Het aannemen van divers personeel
de vijf problemen, de oplossingen en de onwil
Mensen met diverse achtergronden in dienst nemen:
Organisaties die diversiteit in hun teams verwaarloosd hebben komen in de problemen. Ze hebben moeite om in de moderne maatschappij hun werk te doen of ze komen niet aan het personeel dat zij nodig hebben. Zij zetten alle zeilen bij om divers personeel in huis te krijgen. Mannen, vrouwen, mensen met een migratie achtergrond, mensen met een arbeidshandicap en ga zo maar door. Toch lukt het vaak maar matig. De mensen met een andere achtergrond solliciteren niet, ze worden niet aangenomen of ze vertrekken weer snel. In deze blog gaan we de diepte in: waarom we te weinig mensen met een andere achtergrond in huis krijgen. De feiten wijzen vooralsnog op de noodzaak van gelijke kansen op functies en uitdagingen, gelijkwaardige beoordelingen voor iedereen en goede functie-eisen die de minderheid niet afschrikken.
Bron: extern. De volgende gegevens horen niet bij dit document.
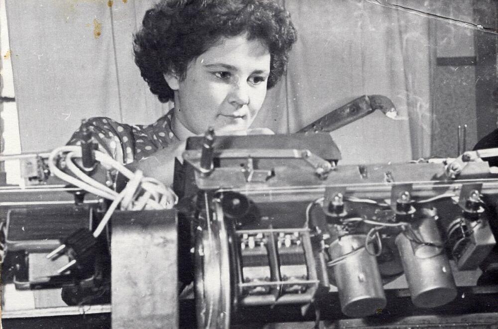 Valsts elektrotehniskās fabrikas (VEF) radio ceha brigadiere, ražošanas pirmrindniece Vija Bembere pie darba galda.

Maar op onze weg naar diversiteit staat de achterdeur open: we bieden minderheden geen volwaardige werksituaties en zo vertrekken geschikte werknemers sneller door de achterdeur dan we ze kunnen aantrekken
Over de kern van het probleem; het gebrek aan diversiteit
Waarom wordt er geen divers personeel aangenomen? Wordt er geen divers personeel geworven? Veel organisaties doen echt hun best. We hoeven maar even de personeelsadvertenties door te nemen om te zien dat de werving de goede kant opgaat. De advertenties bevatten vrouwen met een hoofddoek, mannen met een beetje kleur en moedigen minderheden zelfs aan om te solliciteren. Vervolgens wordt de sollicitatiecommissie goed getraind en toegerust, waardoor de vaardigheden van een sollicitant objectief en onbevooroordeeld in kaart worden gebracht. Allemaal goede acties en toch lukt het niet om een diversiteit van mensen aan te nemen.
er is divers aanbod op de markt
In het voorbeeld hiernaast: We houden een sollicitatie-dag waar we zestien sollicitanten uitnodigen. Acht ervan zijn duidelijk van dezelfde soort als dat er al werken in onze organisatie. De andere acht hebben een bijzondere achtergrond. Bijvoorbeeld een kleur, een geloof of een handicap. Sommigen zijn geschikt (+) en anderen voldoen niet (-) aan onze functie-eisen. We kunnen ervan uitgaan dat dit gelijkelijk verdeeld is.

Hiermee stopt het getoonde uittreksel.